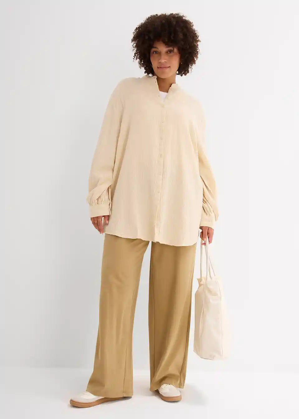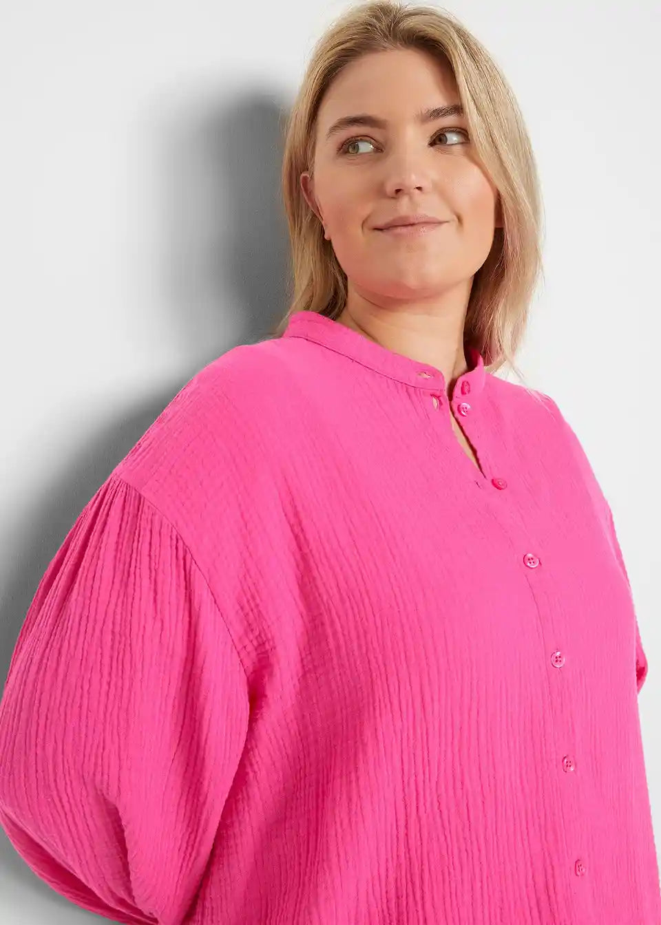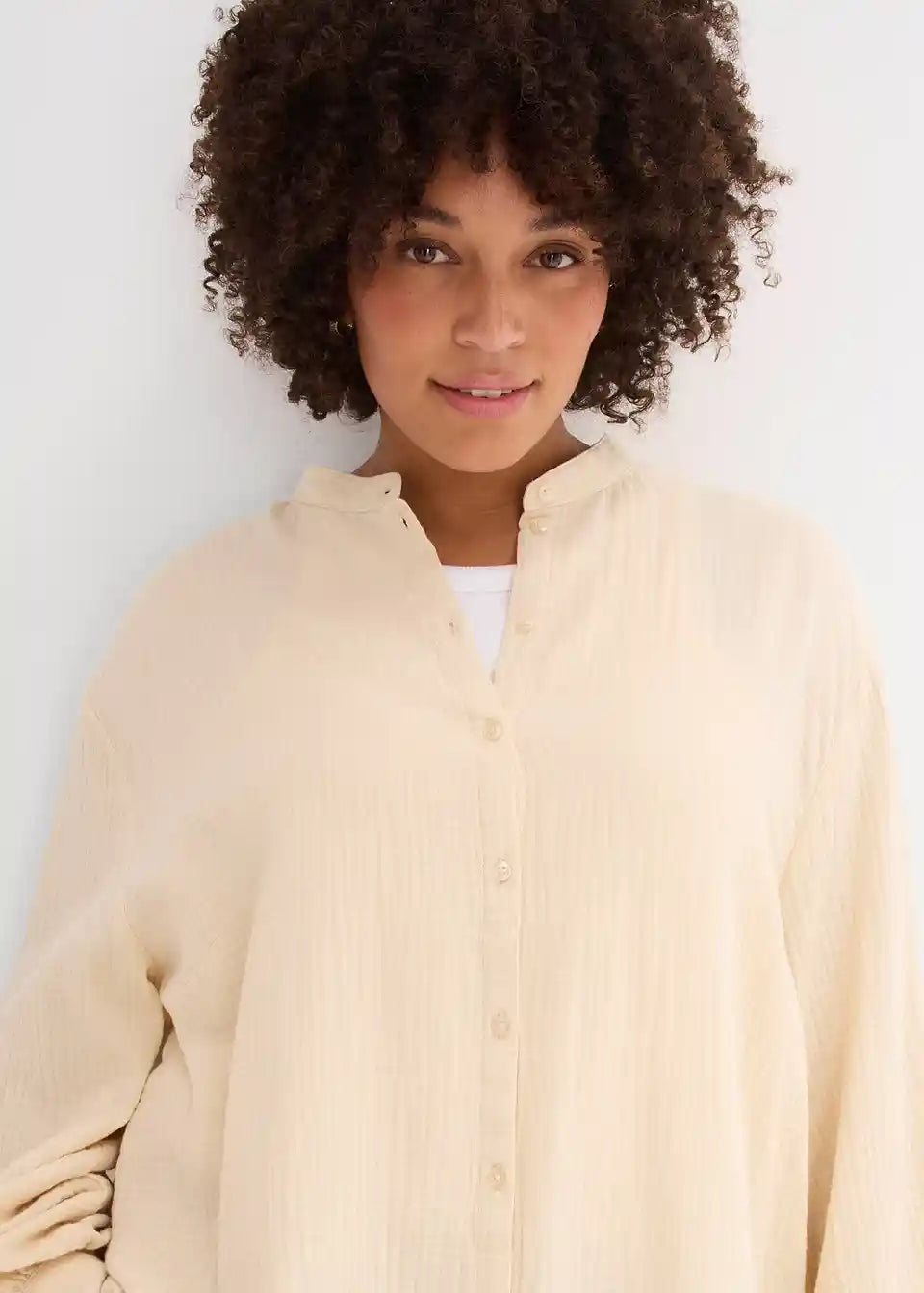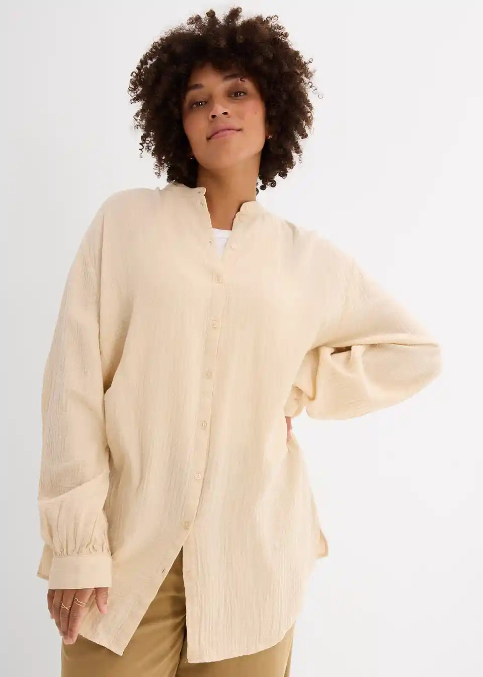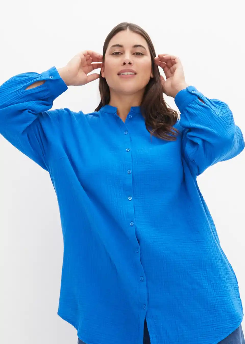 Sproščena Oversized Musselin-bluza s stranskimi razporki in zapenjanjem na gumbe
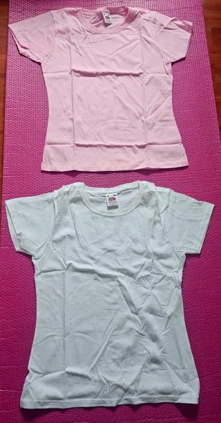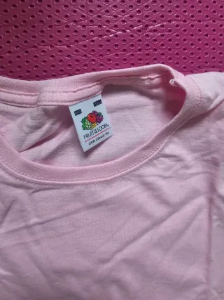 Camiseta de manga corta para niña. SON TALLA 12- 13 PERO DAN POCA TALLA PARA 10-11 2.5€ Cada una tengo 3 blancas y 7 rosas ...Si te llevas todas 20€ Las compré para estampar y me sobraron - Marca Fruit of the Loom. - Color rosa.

* * *

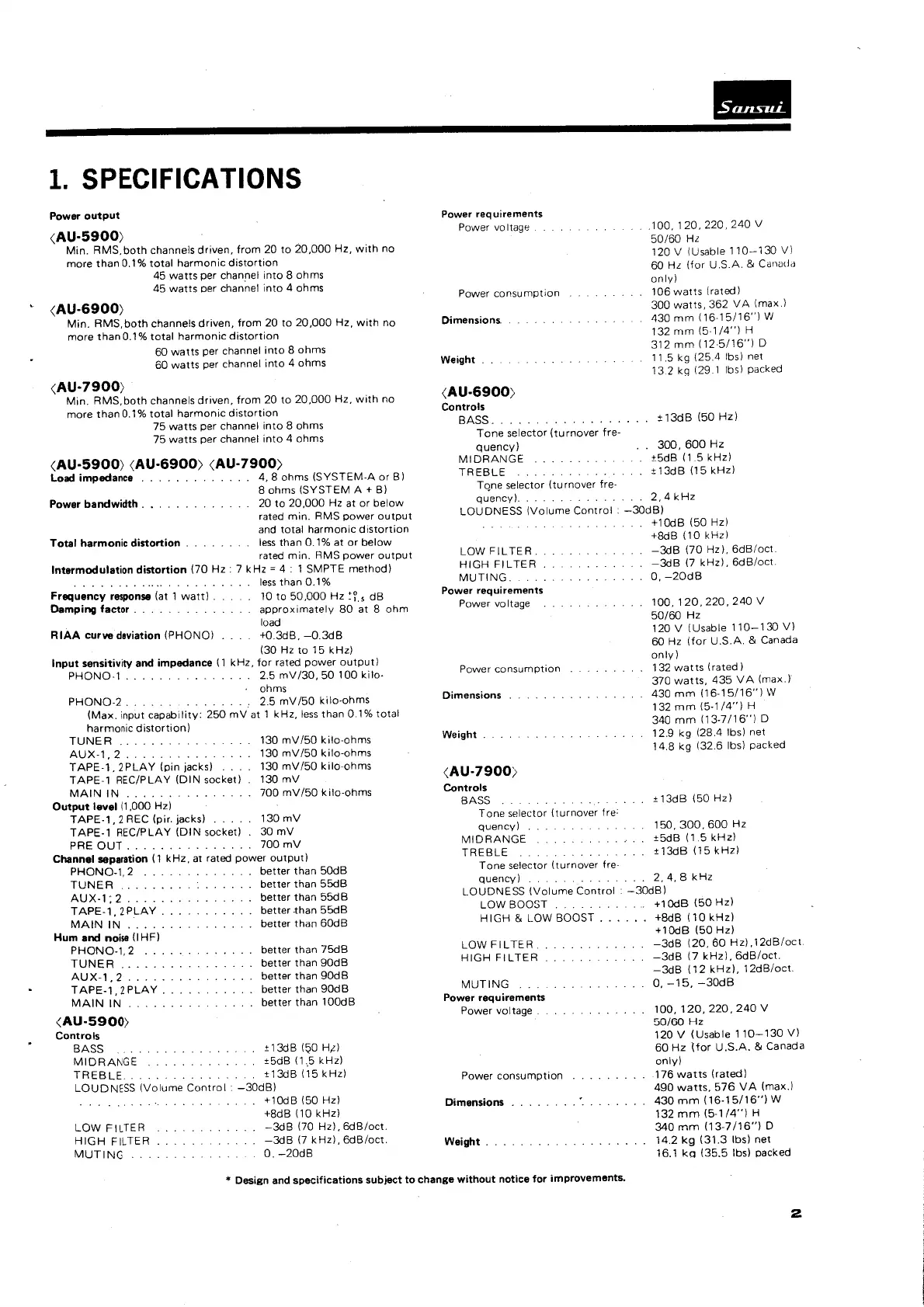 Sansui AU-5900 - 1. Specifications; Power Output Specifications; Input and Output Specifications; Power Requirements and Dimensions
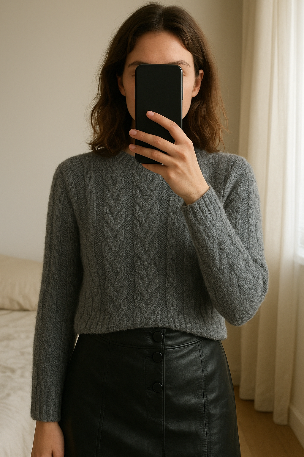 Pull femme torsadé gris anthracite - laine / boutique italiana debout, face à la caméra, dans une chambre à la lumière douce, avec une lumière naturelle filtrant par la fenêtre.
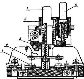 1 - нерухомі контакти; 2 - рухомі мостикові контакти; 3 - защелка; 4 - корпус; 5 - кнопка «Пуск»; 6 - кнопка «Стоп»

...

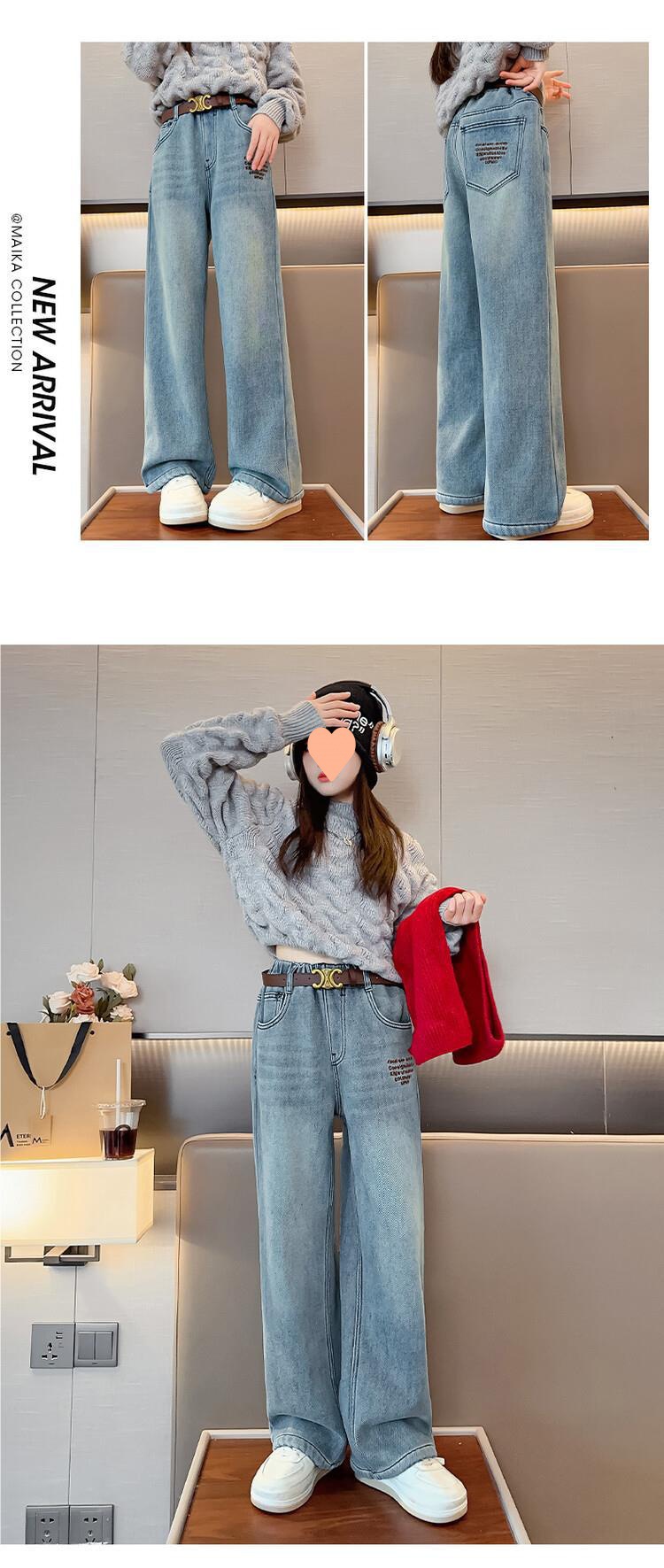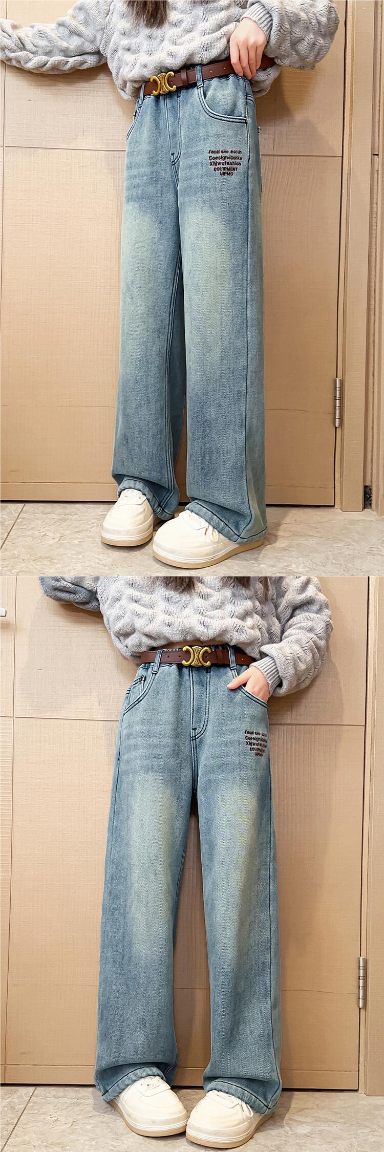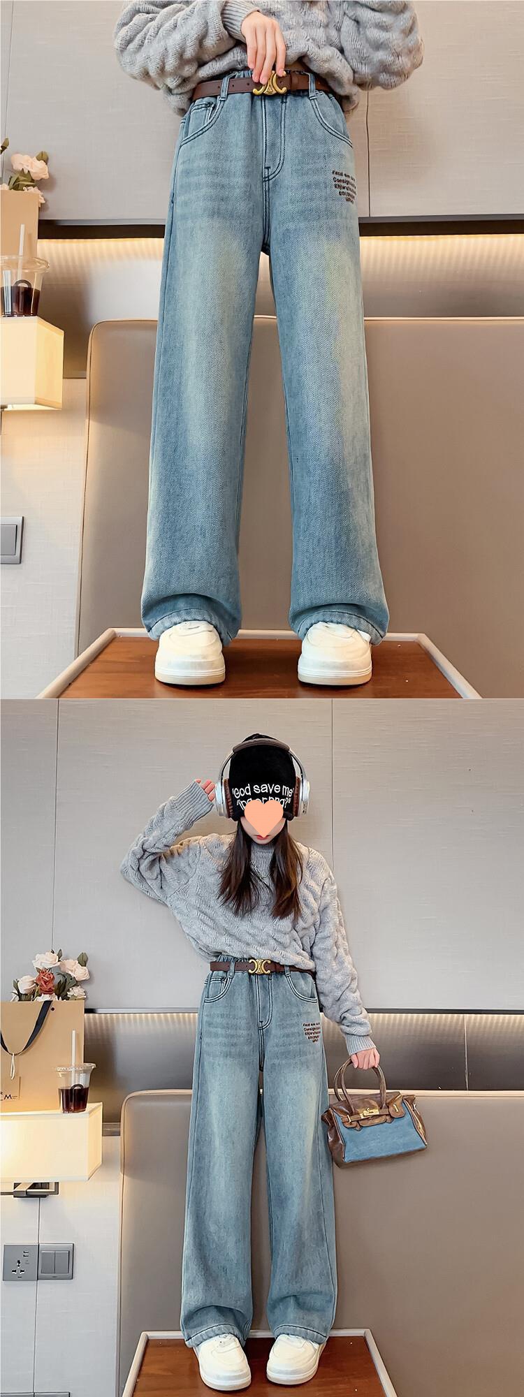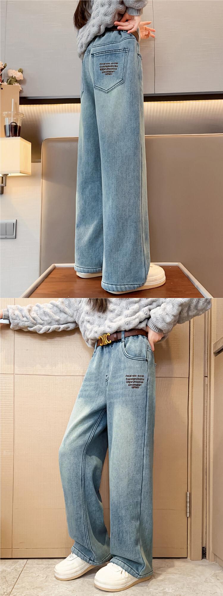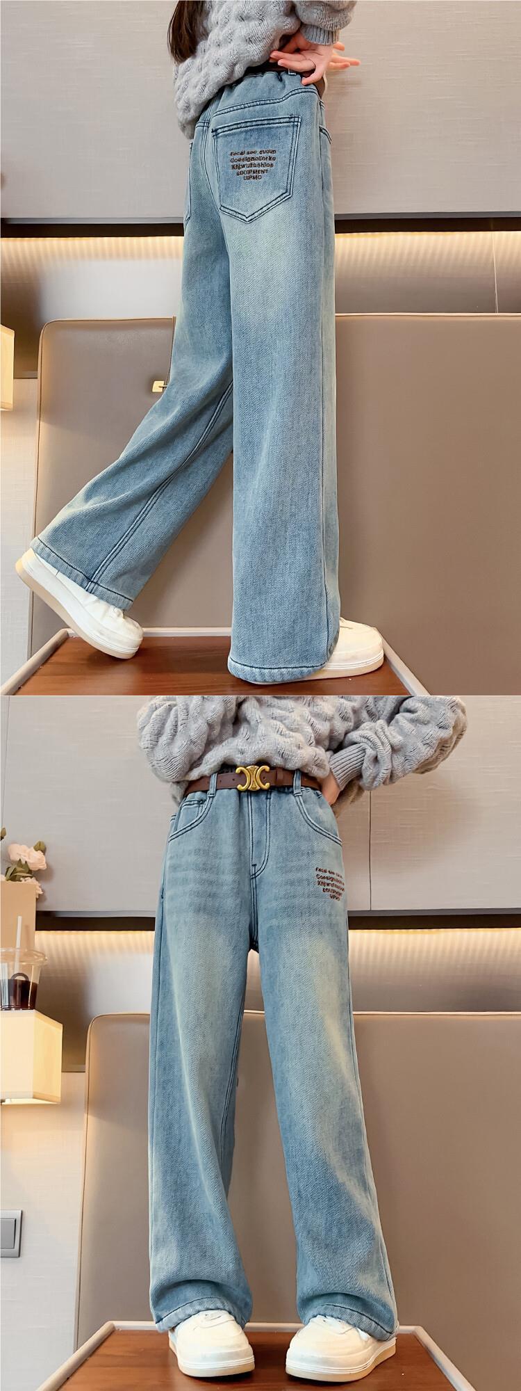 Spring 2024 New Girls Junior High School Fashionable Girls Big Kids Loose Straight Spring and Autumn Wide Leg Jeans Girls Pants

WHAT IS EXPECTED: In the data above, find the line containing "Sansui AU-5900 - 1." and the line containing "1 - нерухомі". Copy exactly the stretch from the first through the second, both included, leaving out any picture.

RESULT OF THE TASK:
 Sansui AU-5900 - 1. Specifications; Power Output Specifications; Input and Output Specifications; Power Requirements and Dimensions
 Pull femme torsadé gris anthracite - laine / boutique italiana debout, face à la caméra, dans une chambre à la lumière douce, avec une lumière naturelle filtrant par la fenêtre.
 1 - нерухомі контакти; 2 - рухомі мостикові контакти; 3 - защелка; 4 - корпус; 5 - кнопка «Пуск»; 6 - кнопка «Стоп»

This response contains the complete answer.